Megvii-BaseDetection / DisAlign

Implementation of "Distribution Alignment: A Unified Framework for Long-tail Visual Recognition"(CVPR 2021)
Apache License 2.0
118 stars 10 forks source link

Is it correct to freeze the weight and bias of the DisAlign Linear Layer as well? #22

Closed jeongHwarr closed 2 years ago

jeongHwarr commented 2 years ago

Hello. Thank you for your project! I'm testing your code on my custom dataset. My task is classification. I have a question about your code implementation.

https://github.com/Megvii-BaseDetection/DisAlign/blob/a2fc3500a108cb83e3942293a5675c97ab3a2c6e/classification/imagenetlt/resnext50/resx50.scratch.imagenet_lt.224size.90e.disalign.10e/net.py#L56-L62

From my understanding, in stage 2, remove the linear layer used in stage 1 and add DisAlign Linear Layer. And freeze all parts except for logit_scale, logit_bias, and confidence_layer. At this time, the weight and bias of DisAlignLinear are also frozen. (self.weight, self.bias) Is my understanding correct?

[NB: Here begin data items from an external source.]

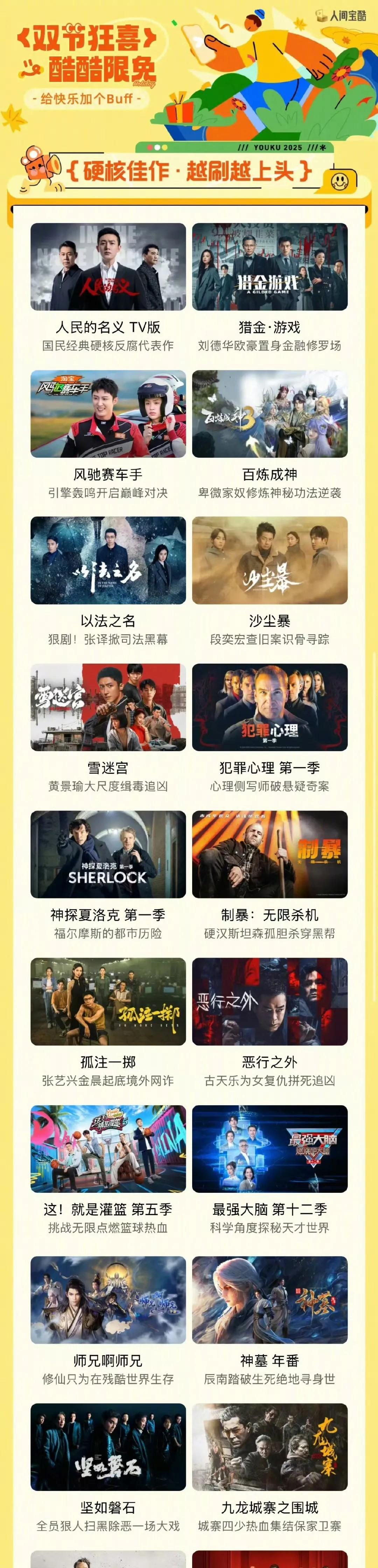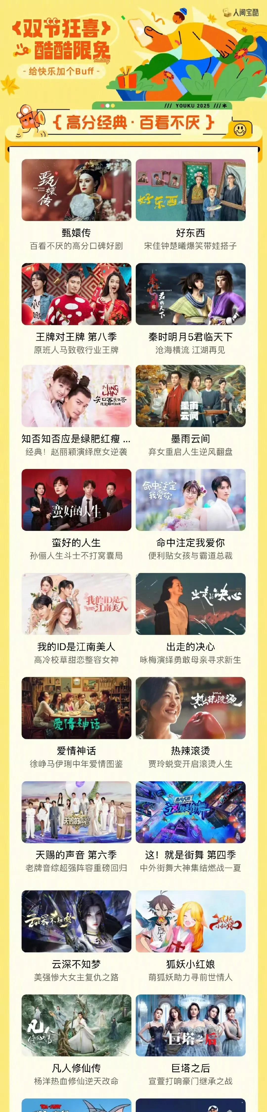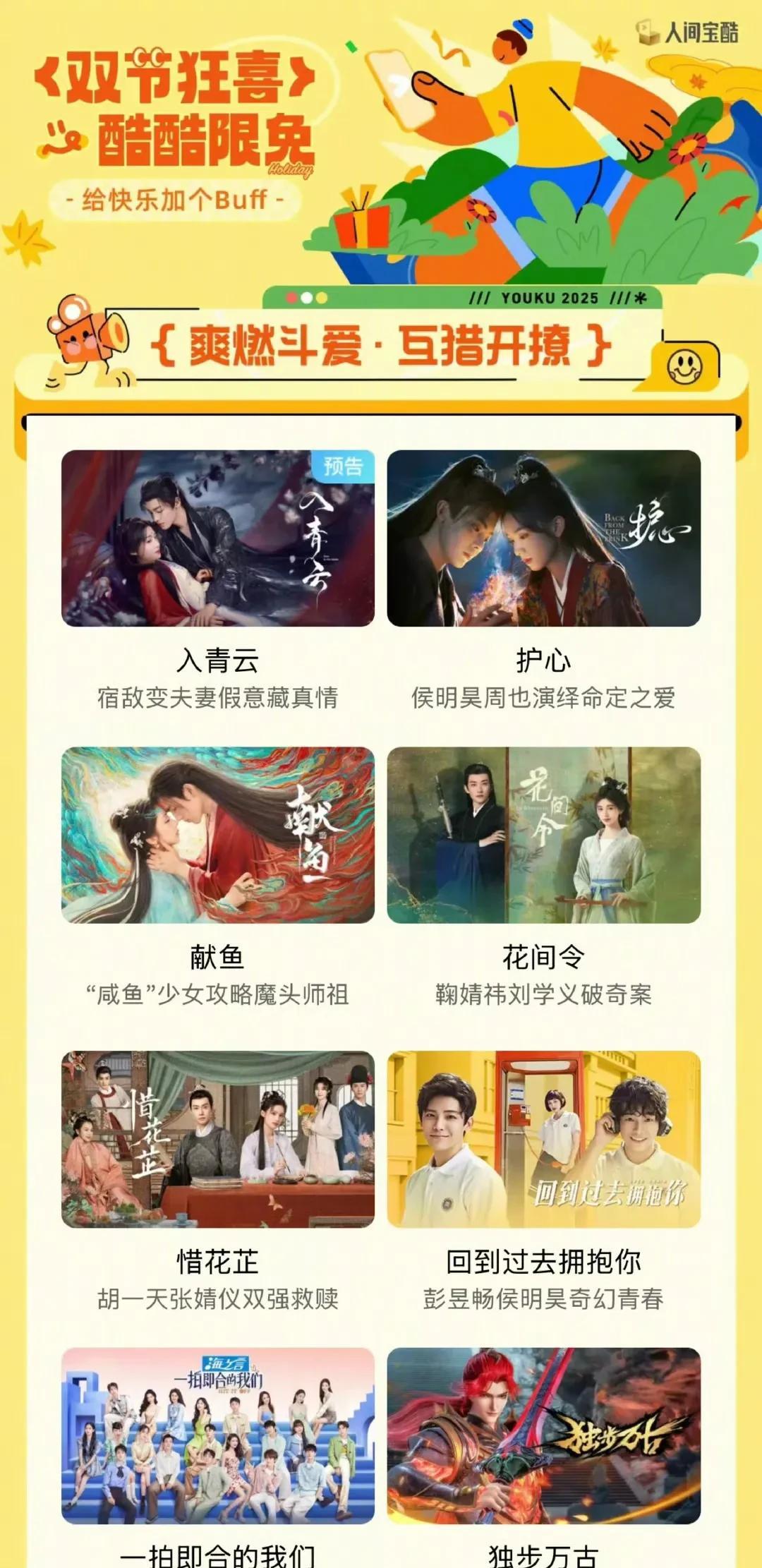 《藏海传》《异人之下决战!碧游村》《少年白马醉春风》《幸福到万家》《长安十二时辰》,《多啦A梦 第一季》,《刺杀小说家》《扫毒》到综艺《奔跑吧 第八季》……
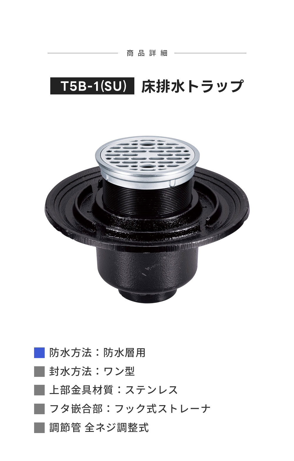床排水トラップ T5B-1(SU) T5B-1(SU)PW 防水層用 ステンレス製 フック式ストレーナ 全ネジ調整式 椀 鋳鉄 樹脂 ワン型 封水 楽天 中部コーポレーション【返品交換不可】
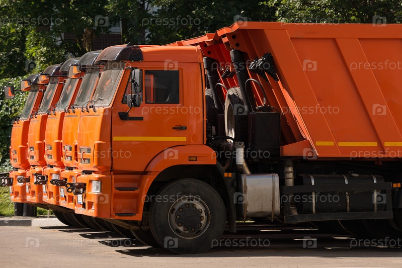 Четыре грузовых автомобиля стоят в ряд на парковке

If so, are the weight and bias of DisAlignLinearLayer fixed after the initialization? (The weight and bias of the linear layer in stage 1 are not copied either)

If my understanding is correct, why is the weight of DisAlignLinear also frozen?

I will wait for your reply. thanks!

tonysy commented 2 years ago

Hi, in our proposed method, we keep the original classifier and add scale/bias for stage-2 learning. Please read the adaptive calibration function section of the original paper.

jeongHwarr commented 2 years ago

@tonysy Thank you for your reply! I thought that the original classifier would be removed and replaced with a new classifier.

https://github.com/Megvii-BaseDetection/DisAlign/blob/a2fc3500a108cb83e3942293a5675c97ab3a2c6e/classification/imagenetlt/resnext50/resx50.scratch.imagenet_lt.224size.90e.disalign.10e/net.py#L21-L27

I couldn't run the cvpod because my os is Windows.

Does the above code means a classifier in which other elements are added while retaining the original classifier weight?

tonysy commented 2 years ago

Does the above code means a classifier in which other elements are added while retaining the original classifier weight?

Yes

jeongHwarr commented 2 years ago

@tonysy Okay. Thank you!